Set in the American Midwest in 1985, much of Noah Baumbach’s White Noise is dominated by an “Airborne Toxic Event” unleashed from a Spielbergian head-on collision between a freight train and truck. The infinite cargo tanks of the train concertina endlessly into one another, ignited by the truck’s inferno. The “black billowing cloud” that spews forth spreads existential dread through the population, wretched malignant tendrils obscuring the comforting light of capitalism’s lies. Lightning strikes reveal bruised purple innards, the corruption of Reaganomics rendered sentient like the Smog Monster Hedorah. This is Three Mile Island for the masses, the Union Carbide disaster in India brought home to America, Iran-Contra smothering Reagan’s second term.
The “Toxic Event” feels like a catastrophic accident but it’s a lot more fun to believe that it is the manifest destiny of Jack Gladley, a professor of Hitler Studies, to spread his fear of death to a larger audience so that he might have a tangible reason to face death rather than contend with the mundane spectacle of dying of natural causes. Where is the academic angst in that? Donning Nuremberg Trial style glasses, and an equally billowing Max Shreck cape, Jack summons the cloud into being by a bravura performance lecture to his students. At points he appears to be levitating above them in a post-modern delirium, sandwiched between the Sesame Street rainbow art on the walls of the lecture theatre, and the black and white footage of Hitler and the Nazis Baumbach punctuates the scene with.
Jack believes that once a plot is set in motion then it only ever moves “deathwards”, the “Toxic Event” now the driver of his own mortality. Adam Driver plays Jack like Woody Allen piloting a warrior’s body, his internal monologues delivered in an insecure stream of consciousness, constantly at war with himself and his place in the world. Is he a fraud like Konrad Kujau who forged the Hitler Diaries?
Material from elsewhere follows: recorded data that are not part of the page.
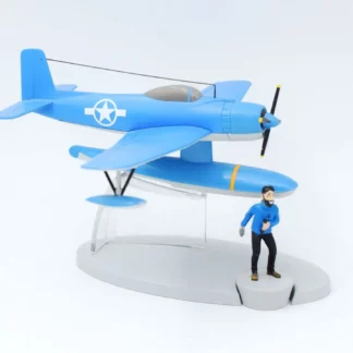 Ce hydravion bleu respecte les proportions, les lignes et la silhouette visible dans l’album. Ainsi, les flotteurs, les ailes profilées et la livrée simple mais reconnaissable sont reproduits avec précision. De plus, les détails graphiques rendent hommage à la ligne claire caractéristique d’Hergé.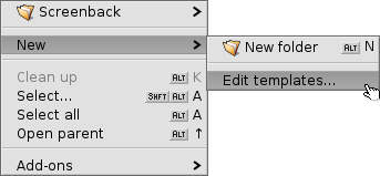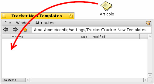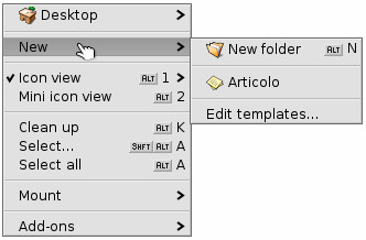 3. Muoviamo il documento che abbiamo salvato sul desktop con il nome "Articolo" nella cartella templates. Per aprirla clicchiamo con il tasto destro sul desktop e selezioniamo New --> Edit templates... questo aprirà la cartella dei template (che si trova in /boot/home/config/settings/Tracker/Tracker New Templates)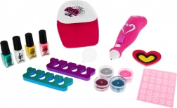 Wszystko, czego potrzeba do domowego nail art w jednym miejscu: lakiery, ozdoby, brokaty, separatory i pilnik. Praktyczna suszarka skraca czas oczekiwania i pomaga utrwalić zdobienia.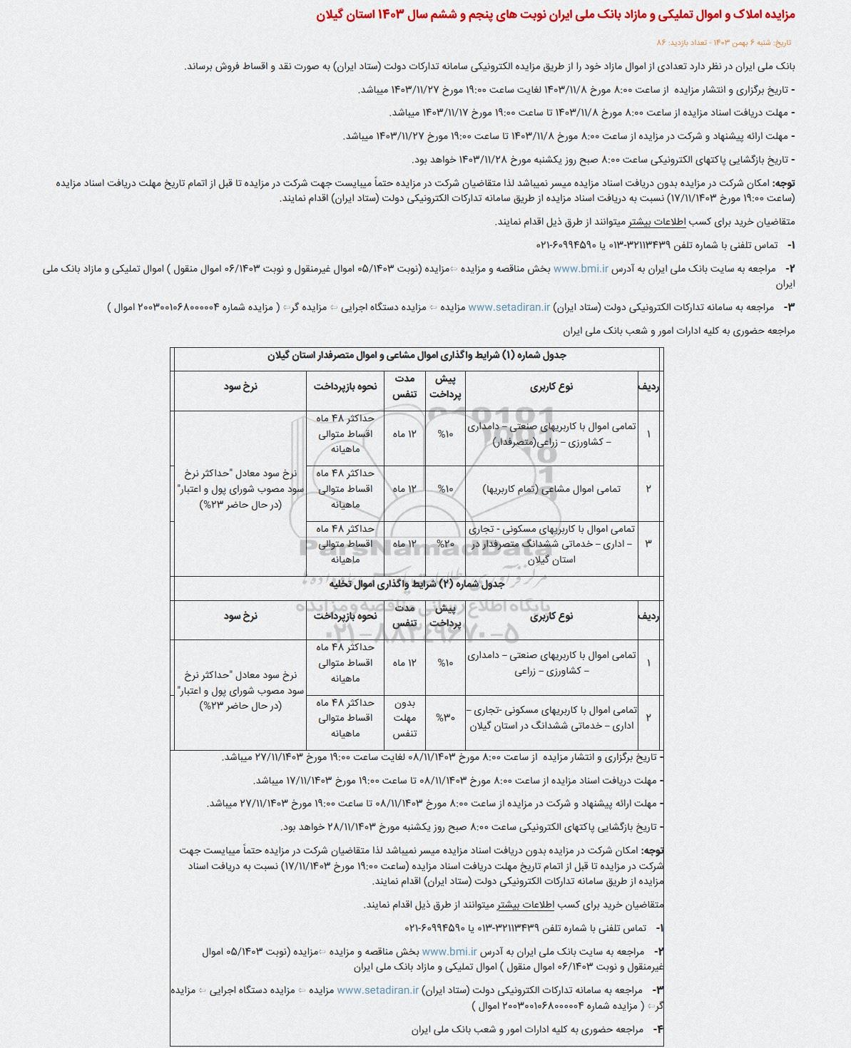 مزایده املاک و اموال تملیکی و مازاد بانک ملی ایران ؟

Surely, he’s only one goosestep away from wearing an SS uniform. His fellow professors, safe in their inner circle, clap and fawn over their own genius but what use is studying Hitler and Elvis when you are caught up in a mass evacuation, complete with thudding helicopters, nameless men in hazmat suits, and cheek-to-jowl station wagons, jammed like sardine tins on the highways?
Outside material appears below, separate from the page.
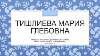 Тишлиева Мария Глебовна работает на кафедре музыкального искусства в Симферополе, обучая учащихся 5-9 классов и имея 2 года опыта. Ее тема самообразования посвящена музыкально-драматическим приемам, что помогает развивать музыкальное и творческое мышление у детей. Внедрение проектной работы и использование современных технологий способствует улучшению понимания музыки и активному участию студентов в конкурсах и мероприятиях.

Equally afraid of dying is Jack’s fourth wife Babette, played by a strung-out Greta Gerwig. She is secretly addicted to a drug called Dylar, a quack medicine that supposedly eradicates the fear of death in the user’s mind. Ironically the more she uses it the more morbid and terrified of death Babette becomes. Perhaps it is the constant lies she must tell Jack and their blended family of children from previous marriages that turbo charge her morbid phobia? Only if Babette accepts that there is no cure for death, and only by accepting the reality of death, will she be able to live a fulfilled life. In fact, the children in White Noise are far more composed and together than their parents. Perhaps they are not burdened yet with the crushing inevitability of death, and once they are fully aware of their mortality, they will retreat into the same pseudo-academia as their parents to pretend they can explain life’s greatest mystery.
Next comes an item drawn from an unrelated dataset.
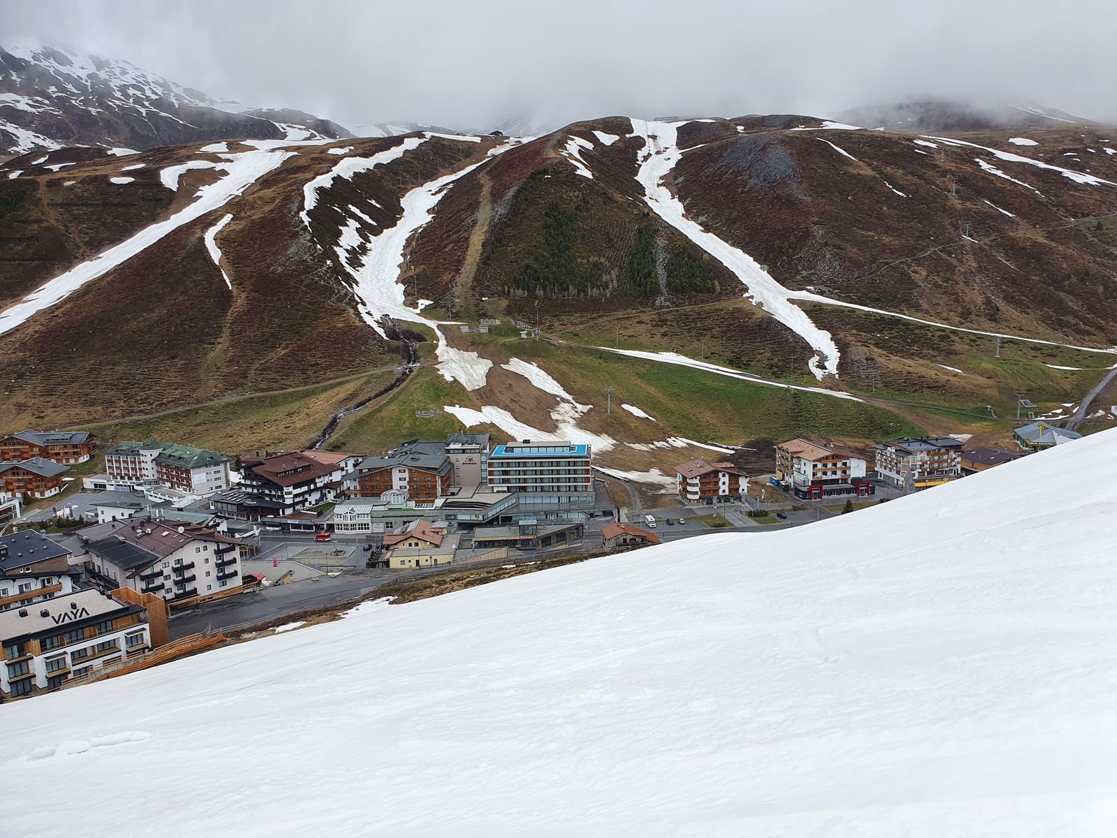Abfahrt: Weil durchweicht und mit schwerer Nassschneeauflage war der Schnee schwerer zu durchpflügen aber ok. Auf der Piste weiter unten (wo kein Neuschnee) völlig entspannte Abfahrt.

Frequently, the characters in White Noise return to the hyperreality of the supermarket, the hi-def colours of consumerism saturating their minds, “psychic data” flooding their brains with endorphins to simulate their final moments just before they die. In the final flash-mob dance sequence we know the academics can see through capitalism’s Day-Glo illusion. Their ‘insight’ strips the lane they occupy bare of its packaging They Live style, but they still take part in quasi-religious experience anyway. They are just as compelled to obey as anyone else. Jack believes that death is a series of sounds and the constant ‘beeping’ of the checkout scanners mark the end with a mundane certainty. What would those sounds be today? No doubt our Pavlovian responses to the bells and whistles that constantly chime from our social media accounts.
So, are we fulfilled with Baumbach’s 80-million-dollar attempt at taking a swing at DeLillo’s unfilmable novel? If death really is a series of sounds, then what could be more post-modern, more meta, than watching Noah Baumbach’s adaptation of White Noise for Netflix introduced by the ubiquitous, ‘Ta Dum” of the logo, directed in the style of Steven Spielberg, starring Kylo Ren from the Star Wars prequel trilogy, and then voting for whether we liked it or not? The Swedish diplomat Dag Hammarskjöld might enlighten us, “Do not seek death. Death will find you. But seek the road which makes death a fulfilment.”